Major General Sir John Terence Nicholls O'Brien  (23 April 1830 – 25 February 1903) was a surveyor, engineer and colonial governor.

Born in Manchester, England, O'Brien studied at Elizabeth College, Guernsey, and then attended the Royal Military College, Sandhurst.

O'Brien, a British Army officer, received a medal of honour for his service in the Indian Mutiny War. He was appointed acting Governor of British Ceylon in 1863 and held the office for two years, succeeding Charles Justin MacCarthy.

In 1881, he was appointed governor of Heligoland, knighted in 1888 and became governor of Newfoundland in 1889.
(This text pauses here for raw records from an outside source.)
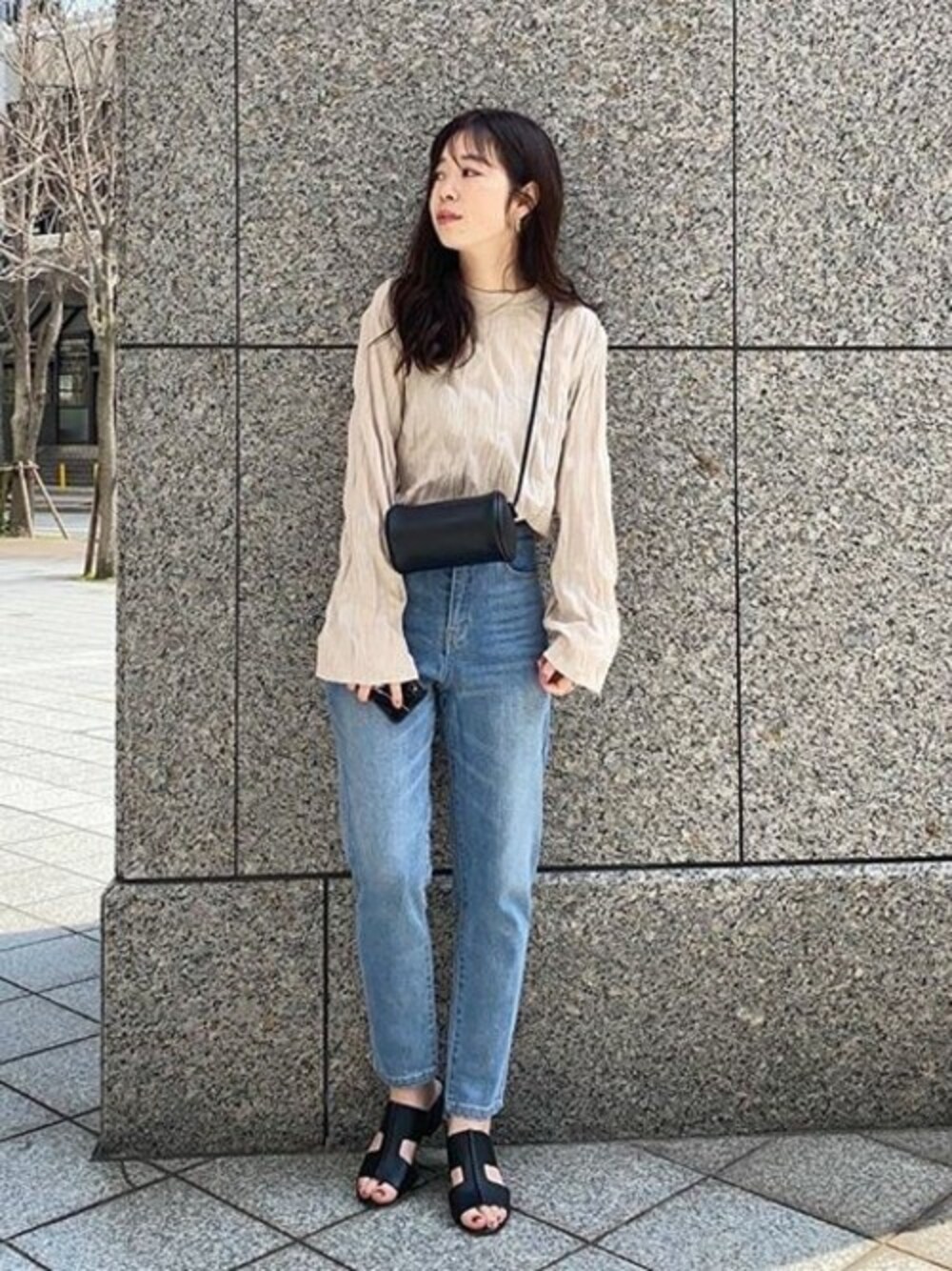 特徴的なクランクルブラウスは、シンプルなデニムでコーデが完成♪ クリンクルブラウス [C4596] ハイライズストレッチデニム [M2753] 筒形ポシェットバッグ [B1337] センターシームサボ [I2103] 着用アイテムから飛べない商品&ZOZOTOWNで未販売の商品は、神戸レタスのサイト内で商品ID検索が出来ます♡
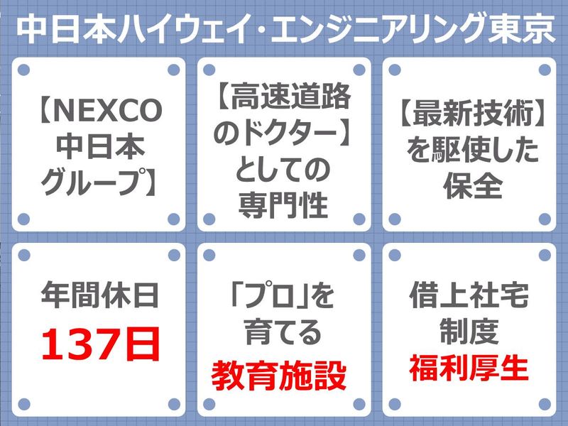 年休137日/NEXCO中日本G/借上げ社宅有/理系大歓迎
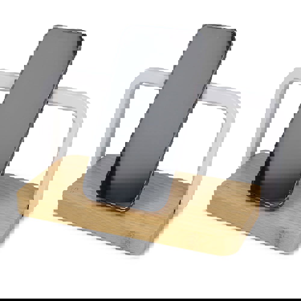 Dieses stilvolle kabellose Ladegerät aus Bambus verbindet ein natürliches Aussehen mit optimaler Funktionalität. Mit einer Leistung von 15 W lädt es Ihr Smartphone schnell und kabellos auf. Die integrierte dimmbare LED-Leuchte sorgt für eine stimmungsvolle Beleuchtung Ihres Nachttischs. Inklusive USB-C-Kabel.

O'Brien as governor of Newfoundland helped precipitate the 1894 bank crash by his many dispatches to London noting that Newfoundland politicians under Premier William Whiteway's Liberal Government were uniquely corrupt and incompetent. He resigned from office in 1895 and returned to London.

The Newfoundland community of Terenceville was so named in his honour. O'Brien's son, Sir Charles O'Brien, also became a colonial governor.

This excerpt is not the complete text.